## What to produce
Nothing but the lines from the one containing "找一张自己喜欢的图片创建选区" through the end of the entries below should appear in your answer, transcribed exactly; please drop the pictures.

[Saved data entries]
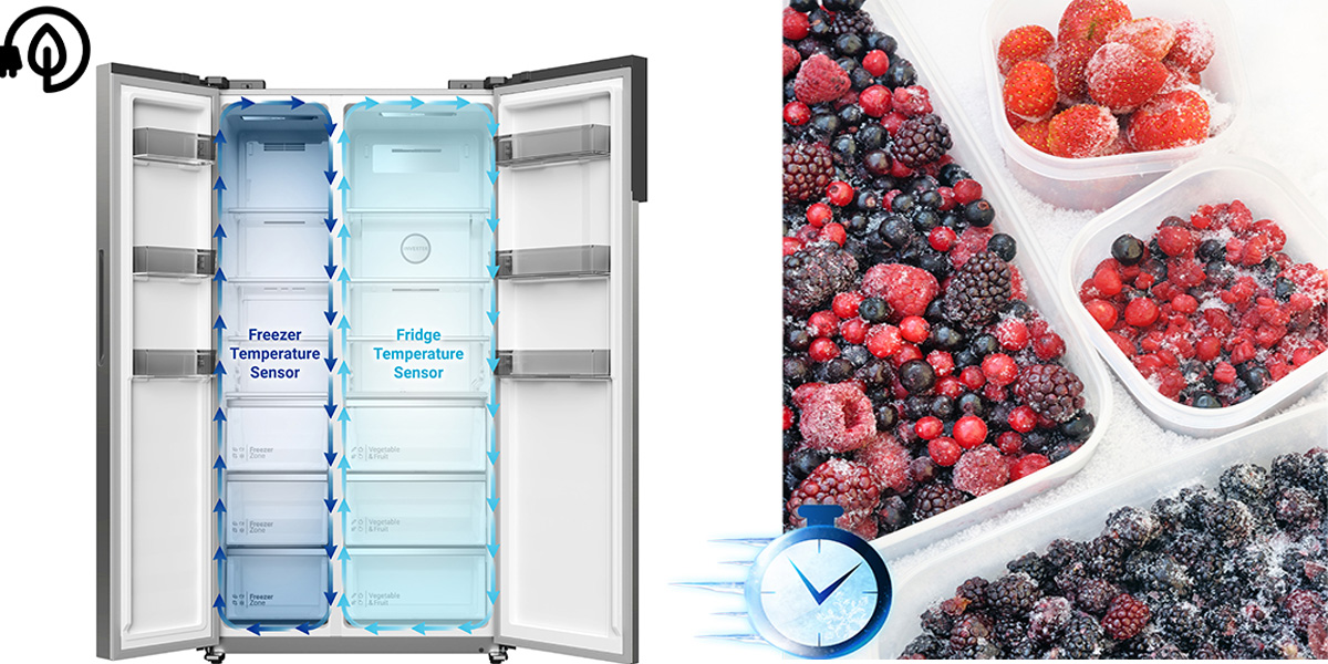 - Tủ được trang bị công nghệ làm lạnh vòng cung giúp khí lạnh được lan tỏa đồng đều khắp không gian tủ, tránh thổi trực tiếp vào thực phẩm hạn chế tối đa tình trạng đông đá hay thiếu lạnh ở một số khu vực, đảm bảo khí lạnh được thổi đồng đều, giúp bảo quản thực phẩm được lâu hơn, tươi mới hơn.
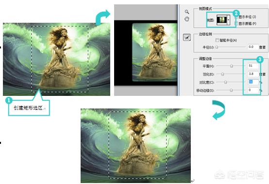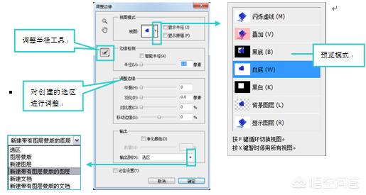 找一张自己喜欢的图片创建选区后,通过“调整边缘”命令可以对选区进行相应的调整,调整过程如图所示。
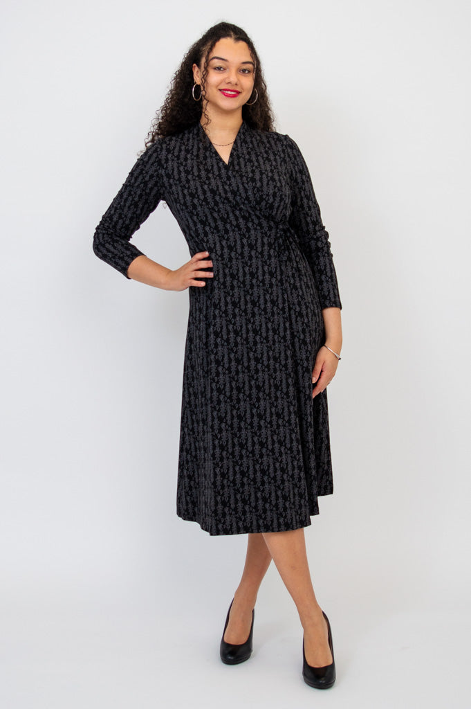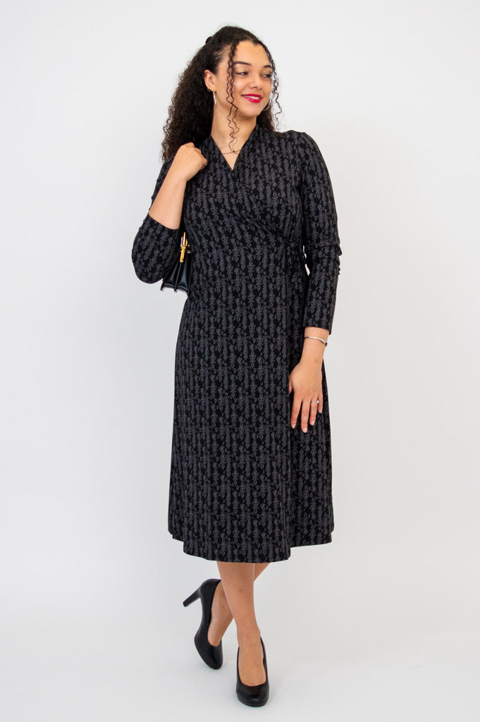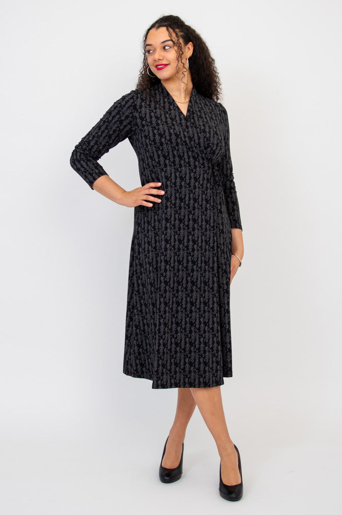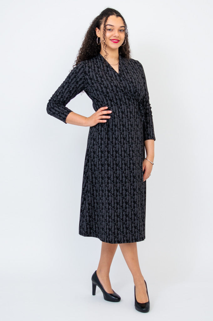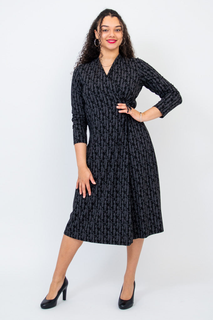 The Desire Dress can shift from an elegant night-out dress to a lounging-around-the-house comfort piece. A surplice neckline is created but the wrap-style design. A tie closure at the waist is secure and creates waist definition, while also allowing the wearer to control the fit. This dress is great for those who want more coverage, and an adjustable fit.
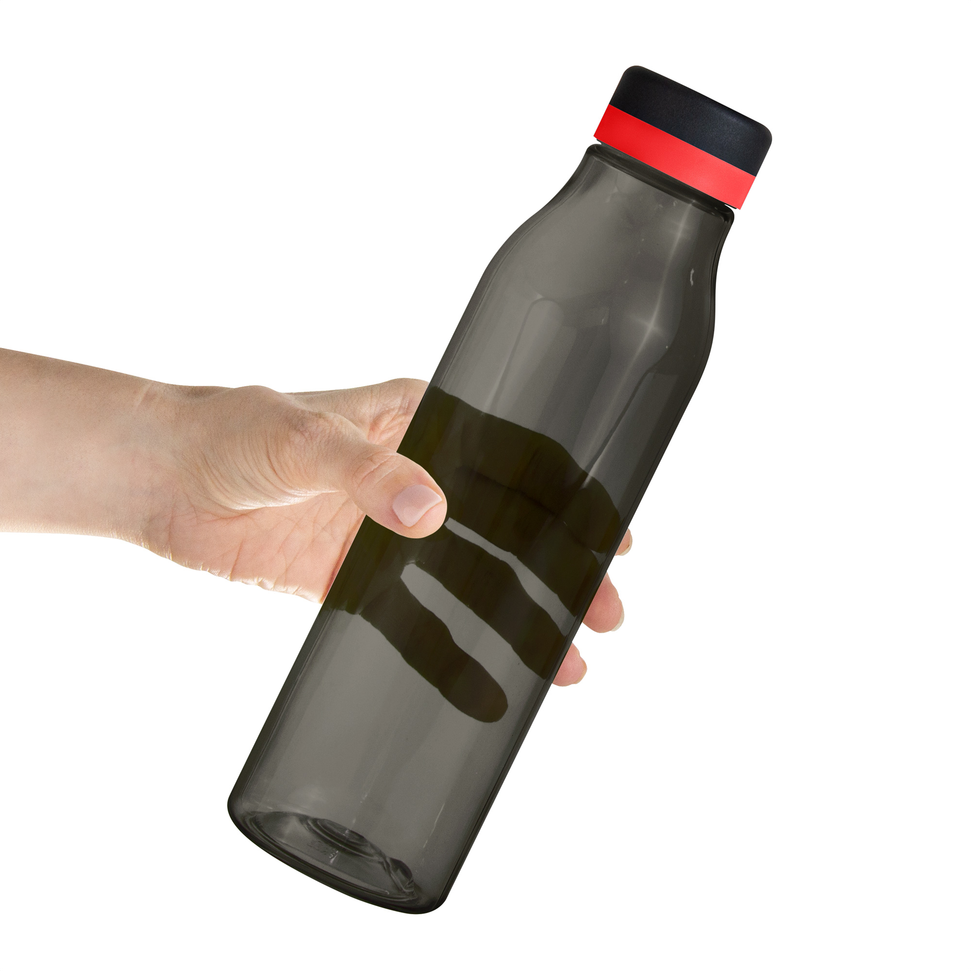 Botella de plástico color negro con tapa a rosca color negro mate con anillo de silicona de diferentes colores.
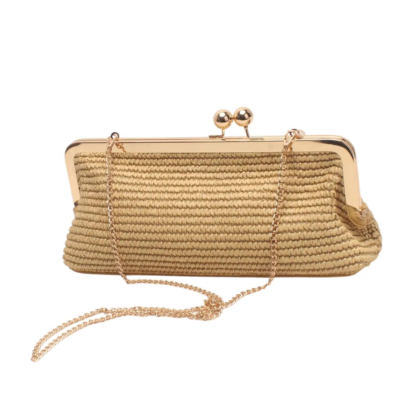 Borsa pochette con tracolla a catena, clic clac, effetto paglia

## Exercise result
 找一张自己喜欢的图片创建选区后,通过“调整边缘”命令可以对选区进行相应的调整,调整过程如图所示。
 The Desire Dress can shift from an elegant night-out dress to a lounging-around-the-house comfort piece. A surplice neckline is created but the wrap-style design. A tie closure at the waist is secure and creates waist definition, while also allowing the wearer to control the fit. This dress is great for those who want more coverage, and an adjustable fit.
 Botella de plástico color negro con tapa a rosca color negro mate con anillo de silicona de diferentes colores.
 Borsa pochette con tracolla a catena, clic clac, effetto paglia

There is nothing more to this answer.